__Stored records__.
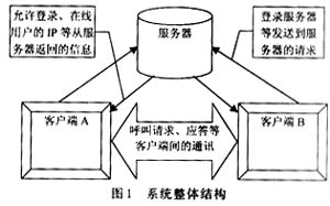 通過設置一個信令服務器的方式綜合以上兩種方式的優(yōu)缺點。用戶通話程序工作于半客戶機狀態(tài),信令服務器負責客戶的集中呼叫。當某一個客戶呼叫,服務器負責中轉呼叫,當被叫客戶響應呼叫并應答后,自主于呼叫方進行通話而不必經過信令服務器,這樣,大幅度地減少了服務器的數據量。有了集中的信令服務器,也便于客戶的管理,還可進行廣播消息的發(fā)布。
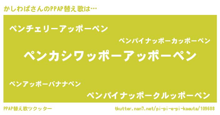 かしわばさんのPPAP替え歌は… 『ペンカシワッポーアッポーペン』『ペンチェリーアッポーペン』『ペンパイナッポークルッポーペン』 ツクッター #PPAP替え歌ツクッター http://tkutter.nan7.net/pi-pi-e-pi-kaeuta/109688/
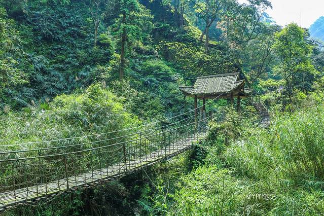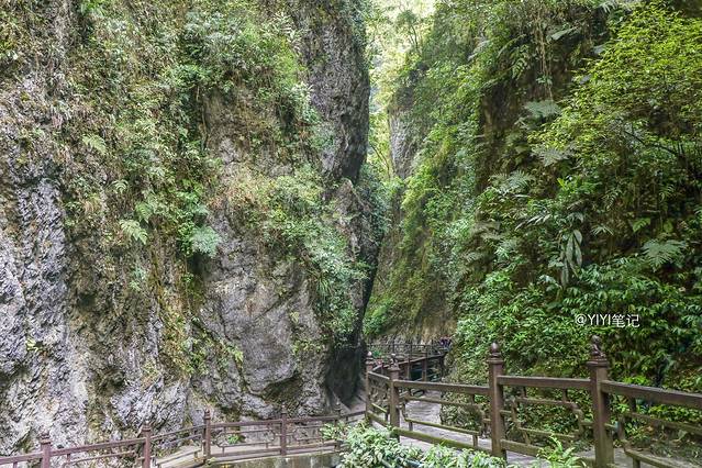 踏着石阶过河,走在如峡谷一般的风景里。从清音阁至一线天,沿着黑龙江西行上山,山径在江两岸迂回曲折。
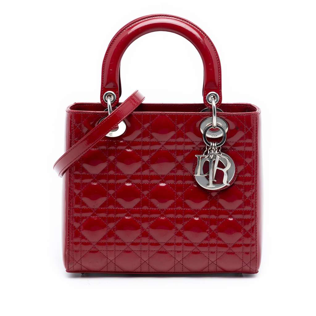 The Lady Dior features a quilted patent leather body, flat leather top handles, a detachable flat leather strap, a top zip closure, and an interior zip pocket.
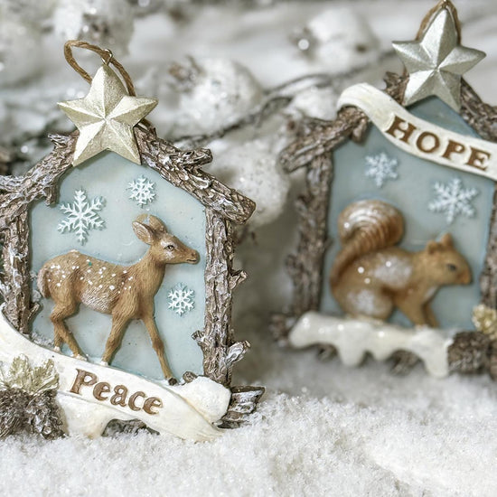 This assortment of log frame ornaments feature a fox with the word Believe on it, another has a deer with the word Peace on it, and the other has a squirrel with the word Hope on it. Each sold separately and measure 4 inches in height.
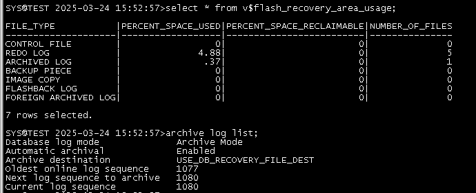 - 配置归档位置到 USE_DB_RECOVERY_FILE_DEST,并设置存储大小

__Task to complete__. Copy exactly what appears in the entries, beginning with the first line and ending with the line that has "踏着石阶过河,走在如峡谷一般", but not the pictures.

__Response box__.
 通過設置一個信令服務器的方式綜合以上兩種方式的優(yōu)缺點。用戶通話程序工作于半客戶機狀態(tài),信令服務器負責客戶的集中呼叫。當某一個客戶呼叫,服務器負責中轉呼叫,當被叫客戶響應呼叫并應答后,自主于呼叫方進行通話而不必經過信令服務器,這樣,大幅度地減少了服務器的數據量。有了集中的信令服務器,也便于客戶的管理,還可進行廣播消息的發(fā)布。
 かしわばさんのPPAP替え歌は… 『ペンカシワッポーアッポーペン』『ペンチェリーアッポーペン』『ペンパイナッポークルッポーペン』 ツクッター #PPAP替え歌ツクッター http://tkutter.nan7.net/pi-pi-e-pi-kaeuta/109688/
 踏着石阶过河,走在如峡谷一般的风景里。从清音阁至一线天,沿着黑龙江西行上山,山径在江两岸迂回曲折。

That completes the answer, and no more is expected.